In the final account abstraction, all accounts on Ethereum use smart contract wallets to manage assets and transactions, and no longer rely on traditional EOA accounts.
Current cutting-edge research on account abstraction is as follows:
Social recovery
Social recovery refers to a mechanism that uses social relationships to help users regain account access in the event of a lost key, such as using an email to reset the password of a smart contract wallet.
Users who use the social recovery function usually need to set up a guardian during or after the wallet creation process and reach a certain guardian verification threshold, such as 2 out of 3 guardians, to log in or recover the wallet. This process is often called multi-factor authentication.
Social recovery is currently a popular research direction for account abstraction. Wallets that have implemented social recovery include Argent Wallet, Loopring Wallet and UniPass.
Intent Transaction
Intent is a set of signed declarative constraints that allow users to outsource transaction creation to a third party without giving up full control over the transaction. Simply put, if a transaction specifies "how" to perform an operation, then the intent defines "what the expected result of the operation is."
Intent transaction uses the wallet client as the intent layer, allowing users to express their intentions and complete the process from intent to UserOperation.

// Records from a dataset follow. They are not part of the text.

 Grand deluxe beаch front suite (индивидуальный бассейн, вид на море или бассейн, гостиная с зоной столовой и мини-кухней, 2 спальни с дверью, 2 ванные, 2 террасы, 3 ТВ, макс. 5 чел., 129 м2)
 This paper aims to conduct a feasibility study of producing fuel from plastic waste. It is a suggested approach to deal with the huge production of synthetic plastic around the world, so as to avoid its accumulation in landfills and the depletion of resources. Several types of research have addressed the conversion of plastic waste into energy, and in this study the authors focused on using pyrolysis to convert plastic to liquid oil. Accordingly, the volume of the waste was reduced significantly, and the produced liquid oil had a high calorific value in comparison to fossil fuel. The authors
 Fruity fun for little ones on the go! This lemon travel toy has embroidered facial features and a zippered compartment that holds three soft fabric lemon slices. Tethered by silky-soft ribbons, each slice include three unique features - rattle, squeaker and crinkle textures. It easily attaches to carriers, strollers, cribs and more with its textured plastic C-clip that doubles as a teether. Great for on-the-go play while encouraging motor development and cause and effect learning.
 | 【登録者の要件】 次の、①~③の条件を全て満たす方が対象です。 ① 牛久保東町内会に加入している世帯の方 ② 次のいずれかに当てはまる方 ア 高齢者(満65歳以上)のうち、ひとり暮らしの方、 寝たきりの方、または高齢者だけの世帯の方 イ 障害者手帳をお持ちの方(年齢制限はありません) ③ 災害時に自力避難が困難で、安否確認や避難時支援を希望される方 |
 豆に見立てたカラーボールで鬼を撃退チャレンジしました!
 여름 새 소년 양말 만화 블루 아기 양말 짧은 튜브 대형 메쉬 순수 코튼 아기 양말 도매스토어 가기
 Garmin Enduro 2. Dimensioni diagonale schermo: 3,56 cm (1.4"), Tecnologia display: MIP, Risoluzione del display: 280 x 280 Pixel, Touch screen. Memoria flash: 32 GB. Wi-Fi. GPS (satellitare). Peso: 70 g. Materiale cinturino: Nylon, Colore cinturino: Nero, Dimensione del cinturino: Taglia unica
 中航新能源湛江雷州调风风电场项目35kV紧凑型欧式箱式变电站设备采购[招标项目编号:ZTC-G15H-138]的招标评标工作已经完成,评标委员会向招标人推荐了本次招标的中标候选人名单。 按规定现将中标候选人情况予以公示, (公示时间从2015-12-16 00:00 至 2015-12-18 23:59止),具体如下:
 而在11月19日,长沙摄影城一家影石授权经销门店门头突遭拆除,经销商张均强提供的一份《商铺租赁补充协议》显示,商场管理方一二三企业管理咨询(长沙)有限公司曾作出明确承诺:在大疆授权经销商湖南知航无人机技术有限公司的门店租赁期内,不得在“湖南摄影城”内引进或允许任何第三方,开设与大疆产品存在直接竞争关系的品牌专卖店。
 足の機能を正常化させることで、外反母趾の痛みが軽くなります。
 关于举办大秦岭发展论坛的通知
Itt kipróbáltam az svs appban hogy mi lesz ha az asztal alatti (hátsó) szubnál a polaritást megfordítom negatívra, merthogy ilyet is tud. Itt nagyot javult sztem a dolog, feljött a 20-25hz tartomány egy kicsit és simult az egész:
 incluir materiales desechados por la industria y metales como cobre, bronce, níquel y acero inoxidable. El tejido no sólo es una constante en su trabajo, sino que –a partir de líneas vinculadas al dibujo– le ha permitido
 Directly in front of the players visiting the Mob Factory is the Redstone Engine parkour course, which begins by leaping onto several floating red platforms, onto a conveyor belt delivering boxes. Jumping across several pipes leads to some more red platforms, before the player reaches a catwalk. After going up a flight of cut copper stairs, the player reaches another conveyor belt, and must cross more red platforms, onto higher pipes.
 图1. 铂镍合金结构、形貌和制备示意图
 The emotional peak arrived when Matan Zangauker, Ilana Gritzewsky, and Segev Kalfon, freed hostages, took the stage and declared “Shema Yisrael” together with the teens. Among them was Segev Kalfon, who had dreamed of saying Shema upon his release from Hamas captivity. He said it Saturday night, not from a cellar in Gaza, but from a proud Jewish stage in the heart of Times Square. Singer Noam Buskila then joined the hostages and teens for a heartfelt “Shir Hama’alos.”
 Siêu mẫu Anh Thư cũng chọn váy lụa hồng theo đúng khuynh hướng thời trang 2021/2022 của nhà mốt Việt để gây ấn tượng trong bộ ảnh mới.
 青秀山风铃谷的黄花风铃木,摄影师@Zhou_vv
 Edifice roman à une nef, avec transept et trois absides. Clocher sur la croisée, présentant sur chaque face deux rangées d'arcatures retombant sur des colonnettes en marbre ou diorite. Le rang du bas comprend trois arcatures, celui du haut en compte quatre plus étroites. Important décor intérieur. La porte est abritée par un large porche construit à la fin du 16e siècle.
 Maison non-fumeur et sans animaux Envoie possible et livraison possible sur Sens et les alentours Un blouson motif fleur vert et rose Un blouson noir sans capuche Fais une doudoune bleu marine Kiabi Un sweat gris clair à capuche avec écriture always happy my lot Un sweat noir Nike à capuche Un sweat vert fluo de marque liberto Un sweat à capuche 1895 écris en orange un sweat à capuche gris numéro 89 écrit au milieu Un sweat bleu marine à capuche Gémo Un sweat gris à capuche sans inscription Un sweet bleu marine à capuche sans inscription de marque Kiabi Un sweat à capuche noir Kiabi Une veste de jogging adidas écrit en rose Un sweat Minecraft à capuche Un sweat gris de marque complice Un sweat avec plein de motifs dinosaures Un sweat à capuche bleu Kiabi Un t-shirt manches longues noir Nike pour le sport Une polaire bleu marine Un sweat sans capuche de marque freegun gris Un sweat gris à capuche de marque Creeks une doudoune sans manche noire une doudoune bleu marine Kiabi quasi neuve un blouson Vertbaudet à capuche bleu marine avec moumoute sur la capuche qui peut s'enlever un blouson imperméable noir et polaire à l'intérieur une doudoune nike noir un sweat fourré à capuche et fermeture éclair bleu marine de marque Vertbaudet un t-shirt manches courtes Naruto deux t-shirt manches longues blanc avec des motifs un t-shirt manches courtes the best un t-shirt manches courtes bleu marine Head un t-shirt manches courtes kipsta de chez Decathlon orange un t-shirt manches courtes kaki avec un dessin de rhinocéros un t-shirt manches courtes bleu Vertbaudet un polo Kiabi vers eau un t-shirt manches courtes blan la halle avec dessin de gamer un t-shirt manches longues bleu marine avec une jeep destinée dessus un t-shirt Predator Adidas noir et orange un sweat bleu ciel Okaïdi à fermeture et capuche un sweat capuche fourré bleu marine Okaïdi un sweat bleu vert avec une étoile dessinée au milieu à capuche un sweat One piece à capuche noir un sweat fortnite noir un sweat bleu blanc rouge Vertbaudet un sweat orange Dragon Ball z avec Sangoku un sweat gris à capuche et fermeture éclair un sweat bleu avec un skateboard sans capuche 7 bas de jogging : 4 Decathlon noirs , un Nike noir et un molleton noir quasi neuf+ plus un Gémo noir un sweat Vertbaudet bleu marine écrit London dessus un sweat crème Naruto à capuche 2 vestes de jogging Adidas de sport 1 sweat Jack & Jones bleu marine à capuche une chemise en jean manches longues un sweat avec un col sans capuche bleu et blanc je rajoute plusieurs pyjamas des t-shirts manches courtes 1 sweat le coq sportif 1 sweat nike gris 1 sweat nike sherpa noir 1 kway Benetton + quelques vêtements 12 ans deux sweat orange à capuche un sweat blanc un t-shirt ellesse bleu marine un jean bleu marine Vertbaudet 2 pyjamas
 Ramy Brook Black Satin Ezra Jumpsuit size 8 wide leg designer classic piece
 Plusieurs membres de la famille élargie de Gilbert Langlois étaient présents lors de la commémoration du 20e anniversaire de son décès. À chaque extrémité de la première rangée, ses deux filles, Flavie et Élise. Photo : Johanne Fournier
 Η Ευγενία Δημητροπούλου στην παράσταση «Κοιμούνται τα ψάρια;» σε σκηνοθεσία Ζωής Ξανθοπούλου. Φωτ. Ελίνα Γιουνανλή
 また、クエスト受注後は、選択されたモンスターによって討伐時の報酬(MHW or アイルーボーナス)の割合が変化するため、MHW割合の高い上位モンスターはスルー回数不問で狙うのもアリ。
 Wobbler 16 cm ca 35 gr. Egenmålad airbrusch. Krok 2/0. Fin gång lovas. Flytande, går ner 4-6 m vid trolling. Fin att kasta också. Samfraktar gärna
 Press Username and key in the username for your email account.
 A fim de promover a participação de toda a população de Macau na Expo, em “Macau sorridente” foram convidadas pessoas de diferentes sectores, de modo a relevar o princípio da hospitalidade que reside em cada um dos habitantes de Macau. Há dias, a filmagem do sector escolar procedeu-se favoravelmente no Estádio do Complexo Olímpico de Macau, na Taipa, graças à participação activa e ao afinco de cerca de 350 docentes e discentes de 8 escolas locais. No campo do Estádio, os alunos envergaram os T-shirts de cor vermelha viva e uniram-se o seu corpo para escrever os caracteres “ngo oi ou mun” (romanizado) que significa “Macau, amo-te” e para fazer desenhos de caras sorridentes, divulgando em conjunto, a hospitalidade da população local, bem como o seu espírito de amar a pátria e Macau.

Currently, there are only some experimental projects for intent transaction. Whether it is natural language input of intent, or disassembling goals, calculating optimal paths and executing operations, AI can play its advantages. It is expected to become one of the scenarios for blockchain combined with AI.
Device Account
Device Account (DA) is a technology that uses the hardware security module on the user's modern computing devices (such as PCs, mobile phones, tablets, etc.) to manage user keys and wallet accounts.
Device accounts rely on passwordless authentication technology Passkey/WebAuthn, which is more convenient and safer than traditional authentication methods:
Protected by the devices that store them, using biometrics as an additional security guarantee, no password is required;
Can be seamlessly synchronized between multiple devices such as mobile phones and computers through Airdrop/Bluetooth, solving single point of failure;
Can log in securely across devices, scan the code with the phone and then log in to the web page through biometrics, improving the user experience.
Summary
As one of the essential tools for participants in the crypto market, wallets occupy a very important position in the field of infrastructure. In the future, the importance of wallet entrances will surpass trading platforms and become a gathering place for Web3 traffic and one of the infrastructures of the metaverse.
While supporting payment and transfer, all DApps are integrated into the wallet, and project developers and users can gather in large numbers to form a new generation of Internet ecosystem based on blockchain technology. In this ecosystem, all online operations of users can be performed through the wallet, including social networking, short video browsing, shopping, ordering food, taxis, and traveling. The wallet will truly become the "Alipay" in Web3.